Stax Makes a Comeback 

Late last month, Concord Music Group kicked off a "50 Years of Soul" celebration at B.B. King's Blues Club in New York City. Now, says Robert Smith, Concord's senior vice president of strategic marketing, the company's relaunch of Stax Records has begun in earnest.

"It went very well," Smith says of the event, co-produced by the Memphis Convention & Visitors Bureau, which drew many Memphis-based Stax veterans to the Big Apple, including Steve Cropper, songwriting partners Isaac Hayes and David Porter, and Big Star drummer Jody Stephens.

Although Concord has primarily marketed itself to a jazz audience, its 2004 acquisition of the Fantasy catalog -- which included Stax -- was a calculated move.

"The purchase was really part of a strategy to become a viable independent music company," Smith says. "The Fantasy catalog represented one of the last great treasuries of music. Besides Stax and the phenomenally important jazz labels [Prestige and Riverside], Fantasy includes Credence Clearwater Revivals' work and the R&B output on Specialty Records. It was a fully informed and brilliant move."

According to Smith, the Stax relaunch is giving Concord "an opportunity to create a really great contemporary soul label. We want to carry this legacy into the future.

"We're very focused on the adult market and alternative channels, and we're real believers in real artists," he adds, noting that Hayes and contemporary neo-soul singer Angie Stone have already been signed on as artists for this new era of Stax Records.

This March, Concord will release a Stax two-disc compilation that runs the gamut from Carla Thomas' "Gee Whiz" to Shirley Brown's "Woman to Woman," with several new best-of collections and a three-disc WattStax box set to follow.
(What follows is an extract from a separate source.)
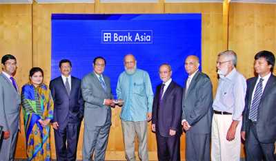 A Rouf Chowdhury, Chairman, Bank Asia hands over a cheque to Kazi Rafiqul Alam, President, Dhaka Ahsania Mission at a function at Uttara on Sunday.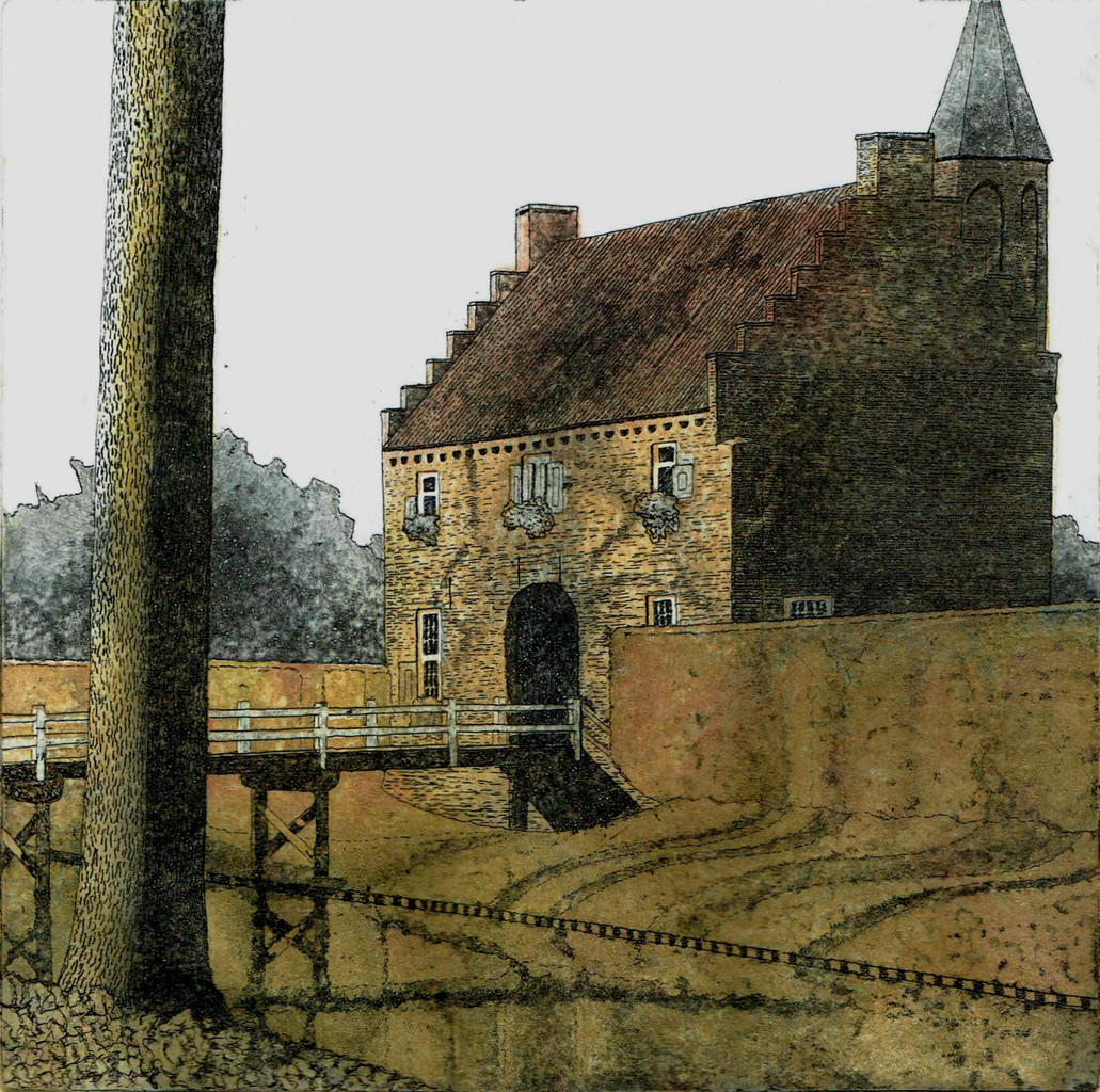 Het Poortgebouw van Kasteel Croy te Aarle-Rixtel. Oplage maximaal 35 stuks, tot nu toe 4 afgedrukt.

The Stax Museum of American Soul Music's Deanie Parker, Soulsville USA: The Story of Stax Records author Rob Bowman, former Fantasy owner Bill Belmont, and the crew at Rhino Records, which owns the Atlantic-era Stax catalog, are working in tandem on projects, while Memphian Robert Gordon and Los Angeles filmmaker Morgan Neville are co-directing and producing a period documentary called Respect Yourself: The Stax Records Story, scheduled to air on PBS' Great Performances in July.

Also on the books: an all-star showcase at Austin's South by Southwest Music Festival in March and a show at The Orpheum this summer.

Members of the National Academy of Recording Arts and Sciences are also getting on the Stax bandwagon, awarding the studio's house band, Booker T & the MGs, a Lifetime Achievement Award and giving a posthumous Trustee Award to label co-founder Estelle Axton.

"Estelle was a mother to so many musicians, and she fostered a lot of the young people at Stax, encouraging them and giving them a chance," says Katherine Sage, senior project manager of the Memphis chapter of the Recording Academy.

While both awards will be presented on the eve of the 49th Annual Grammys, slated to air on Sunday, February 11th, Sage says that both Axton and the MGs will receive televised recognition.

For just $25, you can attend a Grammy viewing party at the Hard Rock Café on Beale Street, along with local nominees, Recording Academy members, and a slew of VIPs. The show starts at 7 p.m., and food and drinks are on the house. For more information, go to www.Grammy.com.

Taking a cue from Axton, Sage has launched a project with Midtown rockers Giant Bear.

"I saw them perform at Otherlands, and I was amazed at their musicianship," she recalls. "I was also impressed that they played all original music and that four out of five band members sing lead."

After buying their album, Sage presented an offer to the group: "I felt that I could help them create a better recording, so I pulled together various producers to work with them to develop their songs. They were doing so great on their own that it didn't take much help, so I put a team together for a recording session."

In January, Giant Bear spent 10 days at Young Avenue Sound with producers Bill Ellis, Louis Myers, and Jimmy Davis and engineer Kevin Houston. When they emerged, they had 12 songs, including four that Sage produced herself. The album should be released April 1st; in the meantime, you can catch Giant Bear live at the Young Avenue Deli on Saturday, February 10th.